### DATA EXCERPT
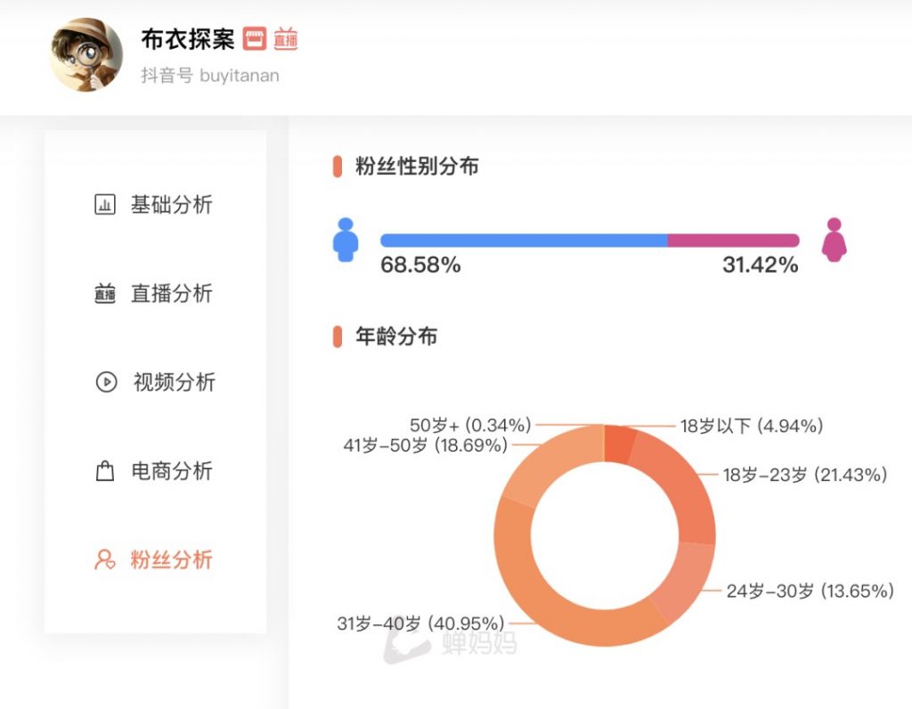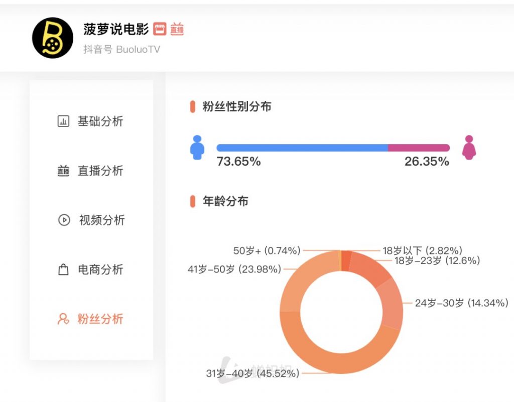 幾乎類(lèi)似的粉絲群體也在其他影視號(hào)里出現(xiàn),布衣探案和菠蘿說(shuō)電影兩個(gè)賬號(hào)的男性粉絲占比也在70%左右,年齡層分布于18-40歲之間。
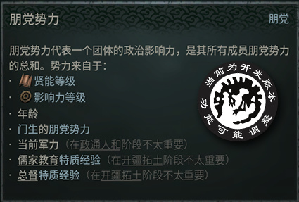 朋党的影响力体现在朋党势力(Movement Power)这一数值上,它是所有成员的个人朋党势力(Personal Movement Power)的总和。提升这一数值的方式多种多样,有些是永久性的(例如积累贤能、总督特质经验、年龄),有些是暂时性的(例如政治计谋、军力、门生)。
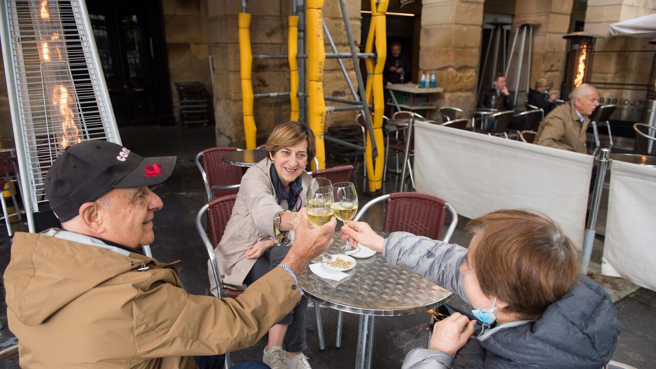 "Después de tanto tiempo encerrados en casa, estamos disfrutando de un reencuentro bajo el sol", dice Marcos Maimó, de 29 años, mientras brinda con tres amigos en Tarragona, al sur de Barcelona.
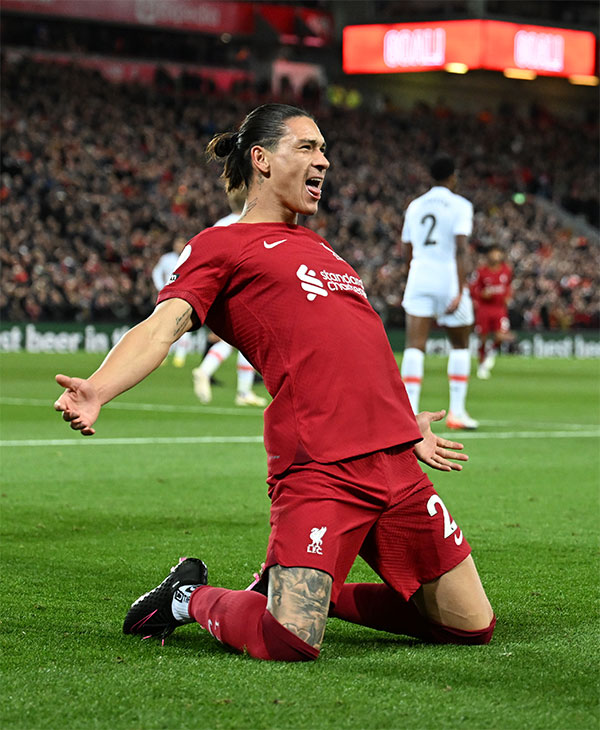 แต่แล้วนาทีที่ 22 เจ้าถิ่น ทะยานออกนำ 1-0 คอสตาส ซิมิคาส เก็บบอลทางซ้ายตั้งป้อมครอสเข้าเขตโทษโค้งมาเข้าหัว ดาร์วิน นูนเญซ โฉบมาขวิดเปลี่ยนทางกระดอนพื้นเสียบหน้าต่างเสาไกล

### TASK STATEMENT
Take the line with "sur de Barcelona." and every line after it through the end of the data, and write only them out exactly, leaving out the pictures.

### ANSWER FOR THE TASK
 "Después de tanto tiempo encerrados en casa, estamos disfrutando de un reencuentro bajo el sol", dice Marcos Maimó, de 29 años, mientras brinda con tres amigos en Tarragona, al sur de Barcelona.
 แต่แล้วนาทีที่ 22 เจ้าถิ่น ทะยานออกนำ 1-0 คอสตาส ซิมิคาส เก็บบอลทางซ้ายตั้งป้อมครอสเข้าเขตโทษโค้งมาเข้าหัว ดาร์วิน นูนเญซ โฉบมาขวิดเปลี่ยนทางกระดอนพื้นเสียบหน้าต่างเสาไกล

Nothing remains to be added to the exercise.